Since these two options are not available, we'll hard-code the number of tokens in our client dapp. We assume that we know in advance the tokens that will be registered

useEffect(() => {
    if (!fa2) {
      return
    }
    const fetchRegisteredTokens = async () => {
      const tokenInfo = new Map()
      for (const id of [1, 2]) {
        try {
          const value = await fa2.get_token_metadata_value(new Nat(id))
          const b = value?.token_info.find((info) => info[0] === "")
          if (!b || b.length < 2) continue
          const info = b[1].hex_decode()
          const metadata = await fetchMetadata(info)
          tokenInfo.set(id, metadata)
        } catch (e) {
          console.error(e)
          continue
        }
      }
      console.log(tokenInfo)
      setRegisteredTokenInfo(tokenInfo)
    }
    fetchRegisteredTokens()
  }, [fa2, fetchMetadata])

Explanation: for token ids 1 and 2, we try to get the big map value, that is a map of an empty string to a byte-encoded string of the IPFS URI. We pass it to the MetadataProvider to translate it to zombie metadata

Fetch inventory

This method iterates over each registered token, to fetch the user's balance. Another example of a concept that can be greatly optimised.

const fetchFa2Balance = useCallback(
  async (address: Address) => {
    if (!fa2 || registeredTokenInfo.size < 1) {
      return new Map()
    }
    const inventory = new Map()
    for (const [id, _] of registeredTokenInfo) {
      try {
        const value = await fa2.get_ledger_value(
          new ledger_key(address, new Nat(id))
        )
        inventory.set(id, value?.to_number() ?? 0)
      } catch (e) {
        console.error(e)
      }
    }
    return inventory
  },
  [fa2, registeredTokenInfo]
)

const fetchInventory = useCallback(async () => {
  if (!account) {
    setInventory(new Map())
    return
  }
  setInventory(await fetchFa2Balance(new Address(account.address)))
  getBalance()
}, [account, fetchFa2Balance, getBalance])

useEffect(() => {
  fetchInventory()
}, [fetchInventory])

Mint (claim)

The following exposes the mint entrypoint (and mints a single token)

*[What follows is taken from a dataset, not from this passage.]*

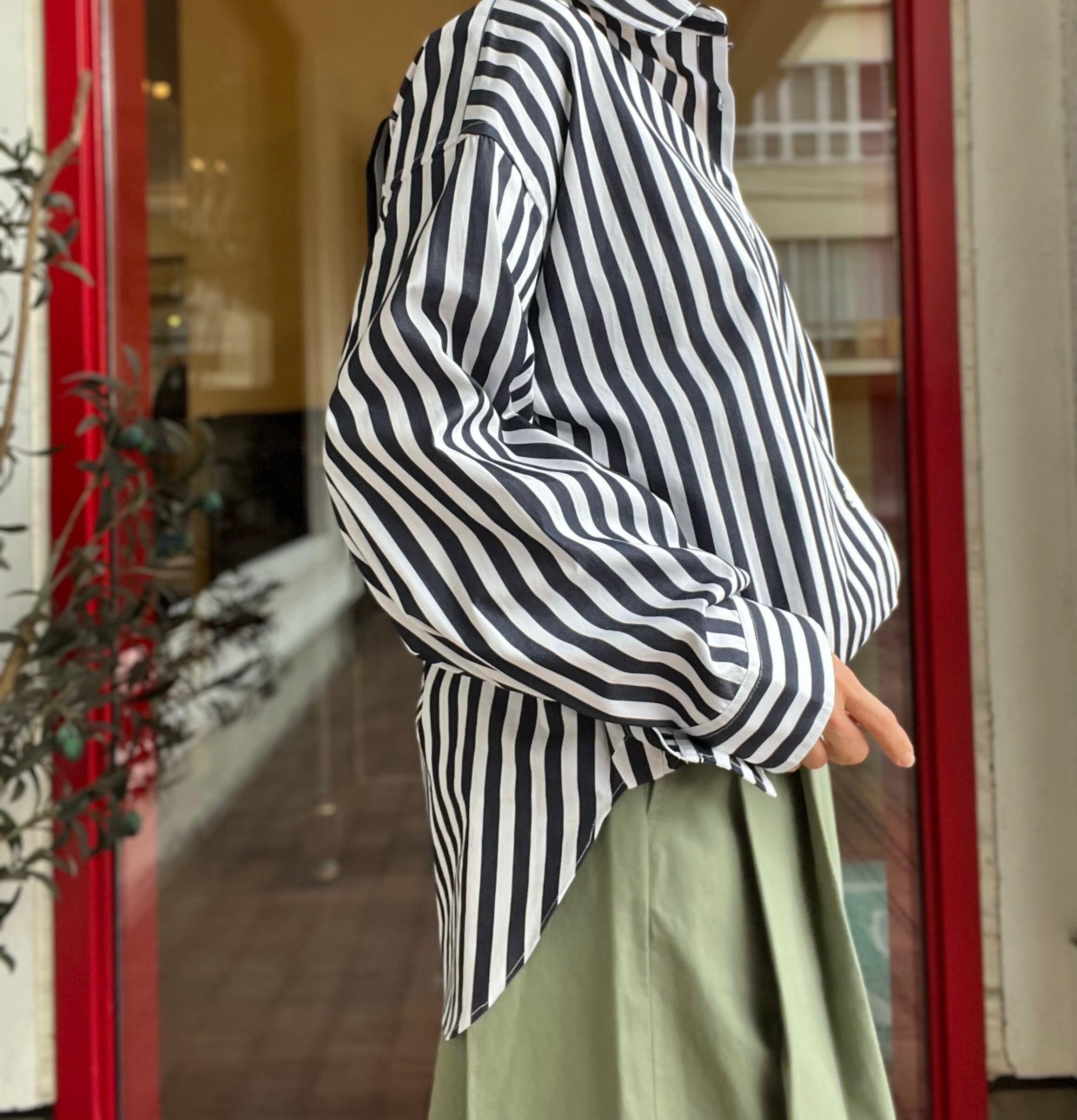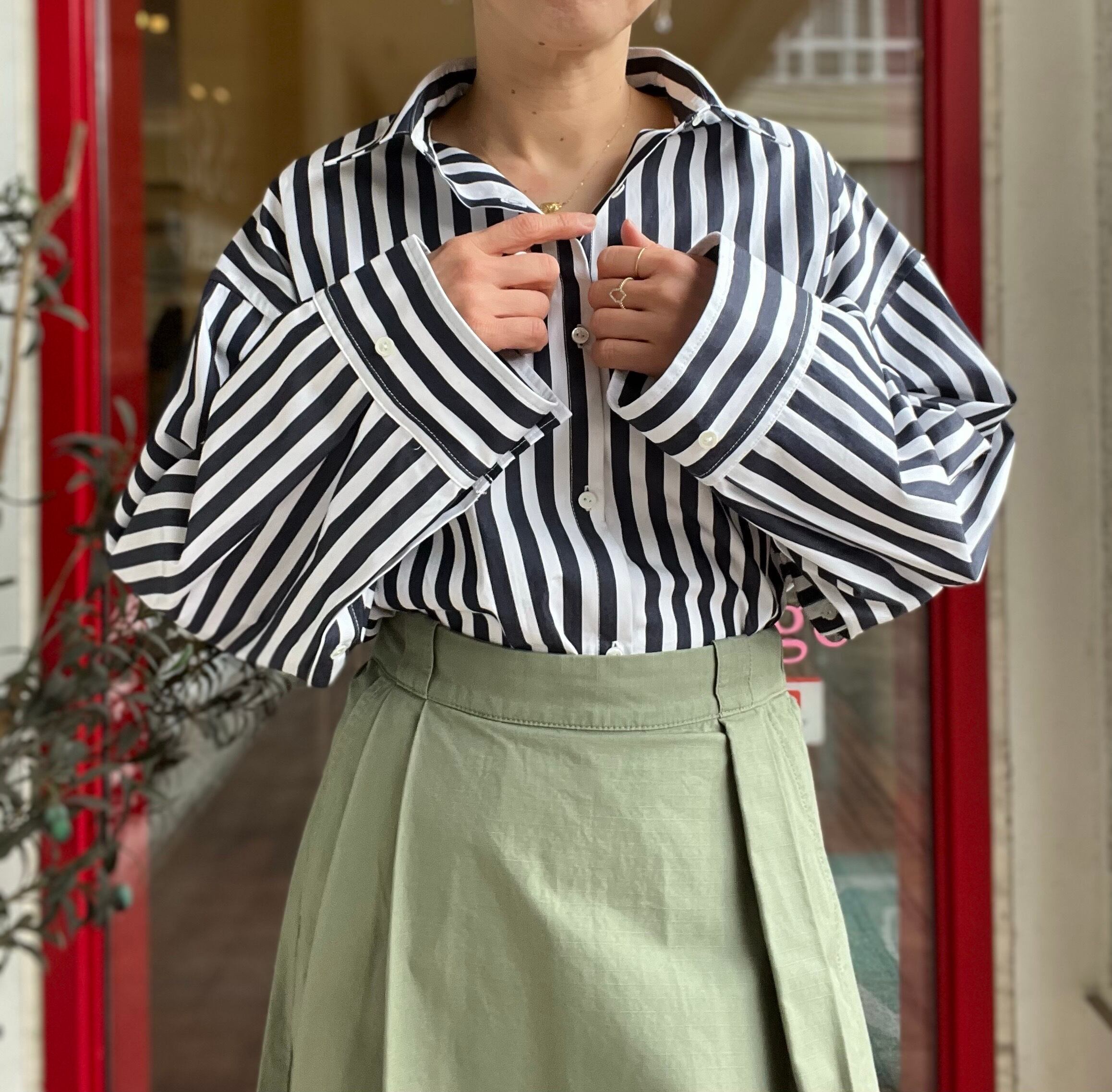 ボタンのアレンジにより①太めの袖②袖を畳み込んでレギュラースリーブ③袖下の釦を開けてポンチョ風の袖とスタイリングに合わせて様々な変化を楽しめます

const freeClaim = useCallback(
  async (id: number) => {
    if (!fa2 || !account || !account.address) {
      return
    }
    return await fa2.mint(
      new Address(account.address),
      new Nat(id),
      new Nat(1),
      {}
    )
  },
  [fa2, account]
)

Transfer

The transfer entrypoint requires FA2 specific parameters, that have been remapped to a friendlier structure TransferParameters.

const transfer = useCallback(
  async (params: TransferParameters) => {
    if (!fa2 || !account) {
      return
    }
    const dest = new transfer_destination(
      new Address(params.to),
      new Nat(params.tokenId),
      new Nat(params.amount)
    )
    const args = new transfer_param(new Address(account.address), [dest])
    return await fa2.transfer([args], {})
  },
  [account, fa2]
)

Wrap up

The props are now memoised and passed to the children:

const value = useMemo(
  () => ({
    fa2,
    inventory,
    tokenInfo: registeredTokenInfo,
    transfer,
    freeClaim,
    fetchInventory,
    fetchFa2Balance,
  }),
  [
    fa2,
    inventory,
    registeredTokenInfo,
    transfer,
    freeClaim,
    fetchInventory,
    fetchFa2Balance,
  ]
)

return (
  <TzombiesContext.Provider value={value}>
    {children}
  </TzombiesContext.Provider>
)

Don't forget to export the component.

export { TzombiesProvider, useTzombiesContext }
export type { UserInventory }

Include <TzombiesProvider> in the app hierarchy. This provider accesses the Metadata and Wallet context, so be sure to places it below these two providers in the hierarchy.